Extracted records
—————
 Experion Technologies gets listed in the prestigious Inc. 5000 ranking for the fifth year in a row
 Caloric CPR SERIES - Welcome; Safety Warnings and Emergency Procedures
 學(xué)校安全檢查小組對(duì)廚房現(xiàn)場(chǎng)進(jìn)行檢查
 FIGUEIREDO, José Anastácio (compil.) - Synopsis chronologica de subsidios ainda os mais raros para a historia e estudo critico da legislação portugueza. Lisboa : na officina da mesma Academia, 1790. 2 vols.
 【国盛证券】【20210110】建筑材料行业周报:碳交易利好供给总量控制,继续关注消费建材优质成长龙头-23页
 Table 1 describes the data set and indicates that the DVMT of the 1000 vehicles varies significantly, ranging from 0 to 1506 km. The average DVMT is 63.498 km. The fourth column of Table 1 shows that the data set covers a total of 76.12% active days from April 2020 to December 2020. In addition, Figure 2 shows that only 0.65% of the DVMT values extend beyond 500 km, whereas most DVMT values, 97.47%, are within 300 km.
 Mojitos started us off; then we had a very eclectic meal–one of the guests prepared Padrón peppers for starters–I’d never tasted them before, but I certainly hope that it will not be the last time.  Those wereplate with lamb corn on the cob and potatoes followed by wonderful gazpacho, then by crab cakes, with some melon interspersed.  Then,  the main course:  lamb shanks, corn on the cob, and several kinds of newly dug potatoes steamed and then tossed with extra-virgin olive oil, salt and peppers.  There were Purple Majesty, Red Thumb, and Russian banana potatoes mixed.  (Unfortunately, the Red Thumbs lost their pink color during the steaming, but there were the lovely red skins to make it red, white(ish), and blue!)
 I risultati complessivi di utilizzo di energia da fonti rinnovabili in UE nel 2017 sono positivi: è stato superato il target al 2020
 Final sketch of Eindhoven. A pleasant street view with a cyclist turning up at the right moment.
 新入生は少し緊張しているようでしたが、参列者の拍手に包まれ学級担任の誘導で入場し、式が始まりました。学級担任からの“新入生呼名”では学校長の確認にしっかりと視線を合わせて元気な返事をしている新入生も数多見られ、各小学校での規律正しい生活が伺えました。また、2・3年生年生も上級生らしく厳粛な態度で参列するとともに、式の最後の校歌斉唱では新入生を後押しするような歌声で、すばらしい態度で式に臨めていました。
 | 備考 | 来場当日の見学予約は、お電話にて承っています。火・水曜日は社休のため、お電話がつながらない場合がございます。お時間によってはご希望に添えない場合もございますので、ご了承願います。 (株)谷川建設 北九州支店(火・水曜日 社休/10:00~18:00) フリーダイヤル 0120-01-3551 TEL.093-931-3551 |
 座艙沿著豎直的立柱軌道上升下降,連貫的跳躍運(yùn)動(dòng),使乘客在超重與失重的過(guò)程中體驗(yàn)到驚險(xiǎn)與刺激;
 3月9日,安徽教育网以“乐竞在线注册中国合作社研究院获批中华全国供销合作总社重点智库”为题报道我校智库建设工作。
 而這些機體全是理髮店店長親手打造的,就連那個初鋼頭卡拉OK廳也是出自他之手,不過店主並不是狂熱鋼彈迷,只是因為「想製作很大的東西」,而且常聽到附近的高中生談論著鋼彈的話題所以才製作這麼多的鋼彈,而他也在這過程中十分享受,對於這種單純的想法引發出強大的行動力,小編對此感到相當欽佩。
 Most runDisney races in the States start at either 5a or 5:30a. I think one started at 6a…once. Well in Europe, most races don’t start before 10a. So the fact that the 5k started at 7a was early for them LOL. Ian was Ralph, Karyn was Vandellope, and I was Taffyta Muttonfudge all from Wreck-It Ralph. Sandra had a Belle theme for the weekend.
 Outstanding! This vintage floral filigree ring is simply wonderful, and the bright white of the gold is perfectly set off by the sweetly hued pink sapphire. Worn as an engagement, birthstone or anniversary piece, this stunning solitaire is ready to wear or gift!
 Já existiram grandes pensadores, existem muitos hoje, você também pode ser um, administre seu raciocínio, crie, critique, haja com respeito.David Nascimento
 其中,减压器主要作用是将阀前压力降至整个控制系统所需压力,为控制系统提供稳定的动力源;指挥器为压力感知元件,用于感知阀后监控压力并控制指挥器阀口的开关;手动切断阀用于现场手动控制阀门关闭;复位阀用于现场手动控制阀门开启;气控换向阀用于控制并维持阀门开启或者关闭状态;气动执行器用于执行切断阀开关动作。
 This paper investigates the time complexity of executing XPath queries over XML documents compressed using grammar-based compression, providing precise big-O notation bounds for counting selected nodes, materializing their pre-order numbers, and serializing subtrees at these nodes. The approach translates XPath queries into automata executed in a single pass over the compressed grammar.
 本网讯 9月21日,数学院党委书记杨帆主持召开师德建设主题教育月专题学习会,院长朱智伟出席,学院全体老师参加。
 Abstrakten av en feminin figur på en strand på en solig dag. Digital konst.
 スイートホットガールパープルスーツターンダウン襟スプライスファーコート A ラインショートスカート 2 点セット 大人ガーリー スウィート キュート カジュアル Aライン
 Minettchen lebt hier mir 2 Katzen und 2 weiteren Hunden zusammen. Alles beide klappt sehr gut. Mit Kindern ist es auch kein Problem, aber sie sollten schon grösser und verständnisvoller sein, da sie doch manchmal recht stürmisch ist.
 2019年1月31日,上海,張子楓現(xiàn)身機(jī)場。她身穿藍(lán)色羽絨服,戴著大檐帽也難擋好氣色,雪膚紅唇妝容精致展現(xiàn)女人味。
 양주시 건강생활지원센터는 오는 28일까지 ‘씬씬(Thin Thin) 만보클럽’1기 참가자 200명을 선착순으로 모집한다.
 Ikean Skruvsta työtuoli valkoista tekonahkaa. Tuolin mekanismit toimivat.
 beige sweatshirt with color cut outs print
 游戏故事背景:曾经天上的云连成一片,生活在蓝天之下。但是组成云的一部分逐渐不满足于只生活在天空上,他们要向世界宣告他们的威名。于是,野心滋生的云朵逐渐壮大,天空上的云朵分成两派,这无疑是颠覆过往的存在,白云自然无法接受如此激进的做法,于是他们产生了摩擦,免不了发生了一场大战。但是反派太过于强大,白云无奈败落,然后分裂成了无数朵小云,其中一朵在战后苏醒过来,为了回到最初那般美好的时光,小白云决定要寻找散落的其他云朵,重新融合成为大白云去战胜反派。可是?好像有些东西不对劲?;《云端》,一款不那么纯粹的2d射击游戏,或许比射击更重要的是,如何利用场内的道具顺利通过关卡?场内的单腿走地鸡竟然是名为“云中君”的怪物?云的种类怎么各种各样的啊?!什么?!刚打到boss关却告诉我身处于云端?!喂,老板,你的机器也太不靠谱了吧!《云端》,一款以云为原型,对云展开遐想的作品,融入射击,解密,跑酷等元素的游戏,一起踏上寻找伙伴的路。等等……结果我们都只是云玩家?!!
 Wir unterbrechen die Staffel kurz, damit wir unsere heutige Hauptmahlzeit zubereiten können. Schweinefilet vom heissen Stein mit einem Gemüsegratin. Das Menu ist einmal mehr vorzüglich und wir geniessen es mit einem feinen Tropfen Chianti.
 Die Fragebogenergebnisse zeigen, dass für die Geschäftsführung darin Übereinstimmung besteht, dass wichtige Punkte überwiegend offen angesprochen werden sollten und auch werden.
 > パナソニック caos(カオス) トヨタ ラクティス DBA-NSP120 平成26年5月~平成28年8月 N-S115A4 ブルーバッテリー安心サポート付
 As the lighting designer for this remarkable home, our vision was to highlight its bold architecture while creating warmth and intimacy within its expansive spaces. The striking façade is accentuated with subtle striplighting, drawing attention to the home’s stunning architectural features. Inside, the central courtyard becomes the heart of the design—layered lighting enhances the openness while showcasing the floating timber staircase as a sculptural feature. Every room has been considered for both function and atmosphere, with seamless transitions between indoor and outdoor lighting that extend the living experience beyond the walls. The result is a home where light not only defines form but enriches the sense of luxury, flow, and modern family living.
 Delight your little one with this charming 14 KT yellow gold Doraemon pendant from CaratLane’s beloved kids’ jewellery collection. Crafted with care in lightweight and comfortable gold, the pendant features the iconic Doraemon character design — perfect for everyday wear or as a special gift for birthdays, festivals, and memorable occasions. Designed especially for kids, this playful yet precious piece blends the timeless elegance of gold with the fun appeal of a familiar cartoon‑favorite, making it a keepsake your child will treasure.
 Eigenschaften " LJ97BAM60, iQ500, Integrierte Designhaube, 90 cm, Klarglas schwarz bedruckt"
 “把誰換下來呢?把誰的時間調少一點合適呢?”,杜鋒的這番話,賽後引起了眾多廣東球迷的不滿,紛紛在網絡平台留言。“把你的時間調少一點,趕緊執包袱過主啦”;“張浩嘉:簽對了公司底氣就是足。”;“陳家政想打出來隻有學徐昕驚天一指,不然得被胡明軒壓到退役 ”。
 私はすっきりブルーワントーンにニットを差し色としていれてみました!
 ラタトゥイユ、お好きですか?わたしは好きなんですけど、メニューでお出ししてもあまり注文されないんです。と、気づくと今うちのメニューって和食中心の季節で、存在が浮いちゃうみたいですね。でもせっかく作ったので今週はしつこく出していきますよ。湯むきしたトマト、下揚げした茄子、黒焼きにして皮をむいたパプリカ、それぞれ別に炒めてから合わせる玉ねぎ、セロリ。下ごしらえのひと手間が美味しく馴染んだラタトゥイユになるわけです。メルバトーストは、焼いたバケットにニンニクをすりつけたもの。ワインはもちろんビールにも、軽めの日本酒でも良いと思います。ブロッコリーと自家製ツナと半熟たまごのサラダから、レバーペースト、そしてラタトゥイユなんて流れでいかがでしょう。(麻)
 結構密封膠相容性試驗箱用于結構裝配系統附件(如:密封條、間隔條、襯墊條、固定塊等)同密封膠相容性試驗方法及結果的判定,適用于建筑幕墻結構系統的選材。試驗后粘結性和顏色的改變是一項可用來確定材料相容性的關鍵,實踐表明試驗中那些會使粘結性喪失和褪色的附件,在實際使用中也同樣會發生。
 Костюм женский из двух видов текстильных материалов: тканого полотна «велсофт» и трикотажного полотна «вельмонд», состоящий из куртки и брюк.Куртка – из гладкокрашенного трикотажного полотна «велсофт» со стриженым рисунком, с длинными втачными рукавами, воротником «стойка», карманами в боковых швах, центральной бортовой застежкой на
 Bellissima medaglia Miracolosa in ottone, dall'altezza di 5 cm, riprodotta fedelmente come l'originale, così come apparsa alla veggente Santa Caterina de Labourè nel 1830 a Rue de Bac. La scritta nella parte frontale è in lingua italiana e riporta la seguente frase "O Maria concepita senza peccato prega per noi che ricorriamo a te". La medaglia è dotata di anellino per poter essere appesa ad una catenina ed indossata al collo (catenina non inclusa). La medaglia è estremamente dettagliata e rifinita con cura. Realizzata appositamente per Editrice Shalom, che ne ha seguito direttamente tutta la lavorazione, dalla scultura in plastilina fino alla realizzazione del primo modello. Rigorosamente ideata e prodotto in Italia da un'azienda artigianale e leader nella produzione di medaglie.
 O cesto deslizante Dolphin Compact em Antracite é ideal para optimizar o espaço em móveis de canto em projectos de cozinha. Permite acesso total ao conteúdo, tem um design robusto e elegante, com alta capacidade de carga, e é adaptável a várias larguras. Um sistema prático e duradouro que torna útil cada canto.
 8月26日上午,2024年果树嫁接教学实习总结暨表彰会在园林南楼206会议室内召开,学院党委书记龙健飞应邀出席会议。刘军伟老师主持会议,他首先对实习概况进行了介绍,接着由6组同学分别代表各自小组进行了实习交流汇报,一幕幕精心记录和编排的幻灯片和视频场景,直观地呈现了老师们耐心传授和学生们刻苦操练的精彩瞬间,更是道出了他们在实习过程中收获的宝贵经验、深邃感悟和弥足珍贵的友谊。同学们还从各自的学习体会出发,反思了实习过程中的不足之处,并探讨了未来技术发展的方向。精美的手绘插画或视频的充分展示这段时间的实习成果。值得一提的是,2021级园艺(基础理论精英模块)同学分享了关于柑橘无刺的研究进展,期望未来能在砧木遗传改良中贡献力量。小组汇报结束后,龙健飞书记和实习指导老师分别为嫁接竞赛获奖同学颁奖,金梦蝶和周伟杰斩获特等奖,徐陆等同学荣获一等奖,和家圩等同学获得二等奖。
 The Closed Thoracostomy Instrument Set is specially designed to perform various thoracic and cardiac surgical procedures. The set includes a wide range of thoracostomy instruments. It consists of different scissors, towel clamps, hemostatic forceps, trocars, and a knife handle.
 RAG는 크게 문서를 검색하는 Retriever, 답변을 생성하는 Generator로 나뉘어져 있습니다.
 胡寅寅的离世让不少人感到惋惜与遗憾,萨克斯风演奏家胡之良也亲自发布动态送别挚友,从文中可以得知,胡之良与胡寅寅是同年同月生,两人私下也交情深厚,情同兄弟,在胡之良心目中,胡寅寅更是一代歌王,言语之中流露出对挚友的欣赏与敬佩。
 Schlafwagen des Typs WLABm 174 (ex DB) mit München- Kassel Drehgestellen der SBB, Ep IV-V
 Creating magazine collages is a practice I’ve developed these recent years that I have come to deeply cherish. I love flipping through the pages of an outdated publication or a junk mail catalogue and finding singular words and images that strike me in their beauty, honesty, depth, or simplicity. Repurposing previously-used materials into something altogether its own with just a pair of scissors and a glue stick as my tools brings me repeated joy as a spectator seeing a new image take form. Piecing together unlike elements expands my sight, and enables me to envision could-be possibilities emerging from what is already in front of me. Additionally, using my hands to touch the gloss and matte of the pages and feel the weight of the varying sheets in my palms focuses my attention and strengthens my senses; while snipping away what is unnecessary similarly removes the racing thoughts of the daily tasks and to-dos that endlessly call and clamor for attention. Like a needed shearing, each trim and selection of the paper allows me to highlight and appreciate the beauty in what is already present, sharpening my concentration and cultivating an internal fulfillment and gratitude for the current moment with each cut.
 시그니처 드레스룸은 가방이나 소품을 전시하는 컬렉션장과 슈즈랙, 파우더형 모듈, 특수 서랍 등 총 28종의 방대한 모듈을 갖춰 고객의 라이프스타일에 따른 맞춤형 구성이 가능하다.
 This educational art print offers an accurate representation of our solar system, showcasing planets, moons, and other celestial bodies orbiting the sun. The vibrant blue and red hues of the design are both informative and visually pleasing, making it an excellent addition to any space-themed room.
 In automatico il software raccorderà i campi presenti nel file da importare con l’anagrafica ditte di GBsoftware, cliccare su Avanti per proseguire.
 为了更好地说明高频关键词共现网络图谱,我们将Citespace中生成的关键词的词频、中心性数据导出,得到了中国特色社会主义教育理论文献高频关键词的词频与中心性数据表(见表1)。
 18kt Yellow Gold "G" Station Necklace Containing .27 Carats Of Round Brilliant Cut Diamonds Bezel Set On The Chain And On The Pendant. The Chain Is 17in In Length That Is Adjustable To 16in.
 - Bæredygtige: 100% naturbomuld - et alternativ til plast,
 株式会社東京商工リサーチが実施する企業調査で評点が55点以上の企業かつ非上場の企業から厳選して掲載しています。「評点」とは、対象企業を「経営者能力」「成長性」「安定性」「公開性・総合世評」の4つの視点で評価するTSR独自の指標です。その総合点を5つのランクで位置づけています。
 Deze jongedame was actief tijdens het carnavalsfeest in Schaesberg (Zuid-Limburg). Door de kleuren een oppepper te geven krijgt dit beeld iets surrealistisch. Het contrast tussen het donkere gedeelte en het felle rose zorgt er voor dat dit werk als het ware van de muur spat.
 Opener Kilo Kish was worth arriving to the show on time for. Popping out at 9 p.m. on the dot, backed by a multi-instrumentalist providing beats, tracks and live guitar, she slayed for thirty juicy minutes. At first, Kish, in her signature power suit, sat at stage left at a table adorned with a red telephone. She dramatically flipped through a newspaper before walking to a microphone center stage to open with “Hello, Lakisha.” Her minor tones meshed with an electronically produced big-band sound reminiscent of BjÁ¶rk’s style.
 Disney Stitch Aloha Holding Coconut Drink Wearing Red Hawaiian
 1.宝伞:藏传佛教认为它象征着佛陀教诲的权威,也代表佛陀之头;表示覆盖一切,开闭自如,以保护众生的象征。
—————
## Work to complete
Scan the data above and report each line in which "making" is present.

## Response to this exercise
 Delight your little one with this charming 14 KT yellow gold Doraemon pendant from CaratLane’s beloved kids’ jewellery collection. Crafted with care in lightweight and comfortable gold, the pendant features the iconic Doraemon character design — perfect for everyday wear or as a special gift for birthdays, festivals, and memorable occasions. Designed especially for kids, this playful yet precious piece blends the timeless elegance of gold with the fun appeal of a familiar cartoon‑favorite, making it a keepsake your child will treasure.
 This educational art print offers an accurate representation of our solar system, showcasing planets, moons, and other celestial bodies orbiting the sun. The vibrant blue and red hues of the design are both informative and visually pleasing, making it an excellent addition to any space-themed room.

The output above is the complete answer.